• **Data below**
□ □ □ □ □

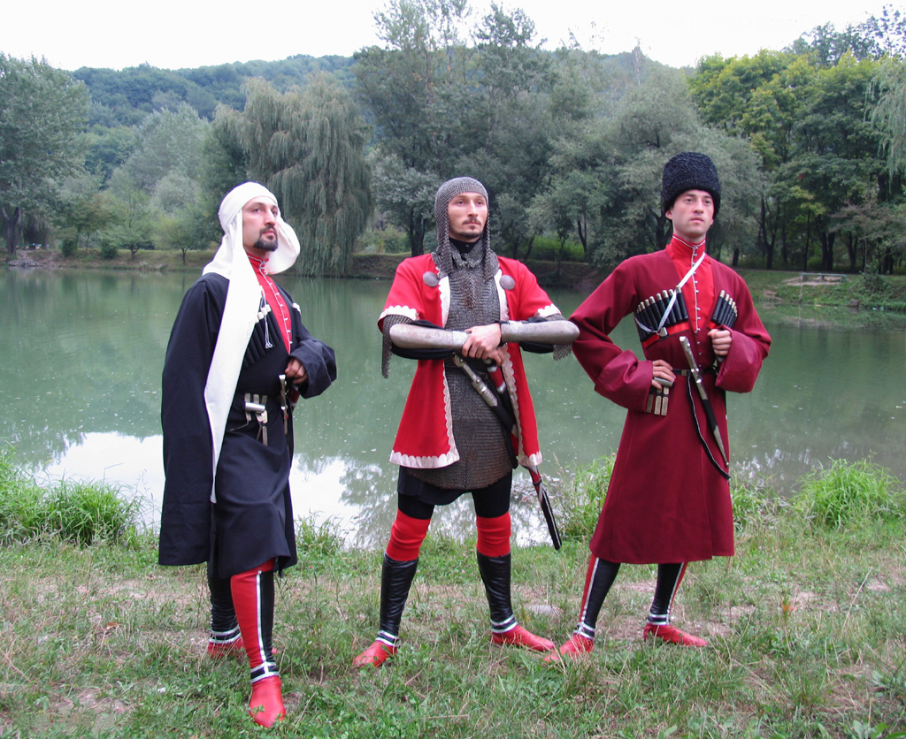 Circassians in Costumes
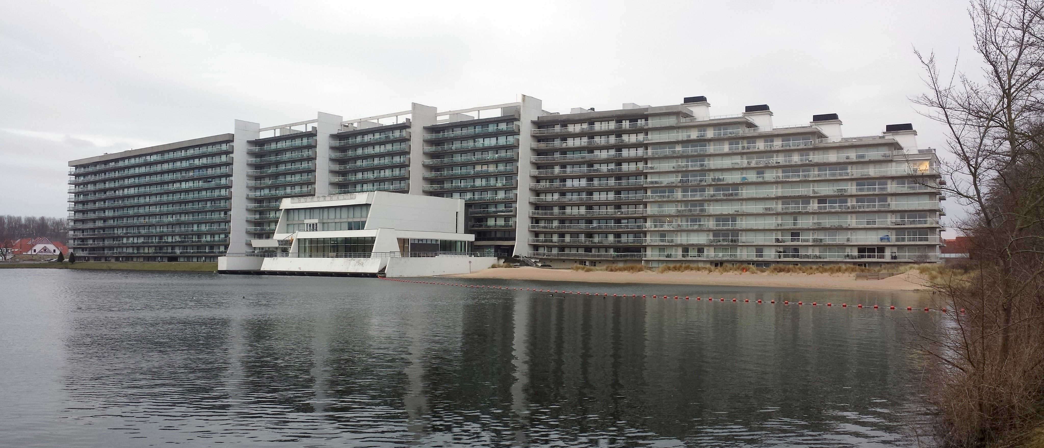 'Laguna Beach' Residence and 'Humorhall' (Krommedijk, 8300 Knokke-Heist, Belgium) seen from Heist Lake
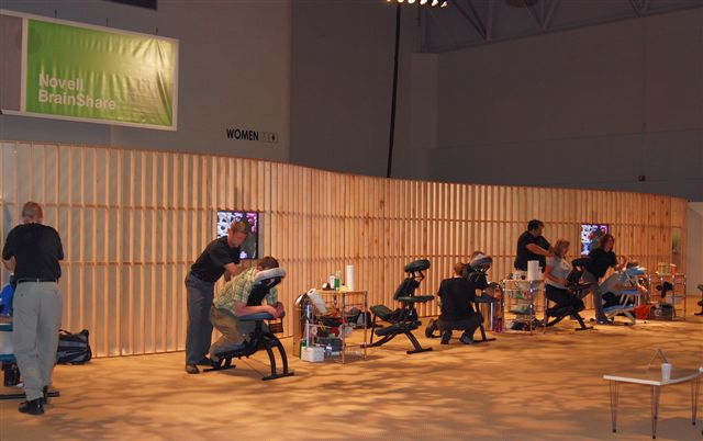 An area of the Salt Palace set aside for chair massages during the Novell BrainShare 2007 conference.

□ □ □ □ □

• **What you are asked to do**
When you repeat the data, keep every line exact and drop the images.

• **Answer box**
 Circassians in Costumes
 'Laguna Beach' Residence and 'Humorhall' (Krommedijk, 8300 Knokke-Heist, Belgium) seen from Heist Lake
 An area of the Salt Palace set aside for chair massages during the Novell BrainShare 2007 conference.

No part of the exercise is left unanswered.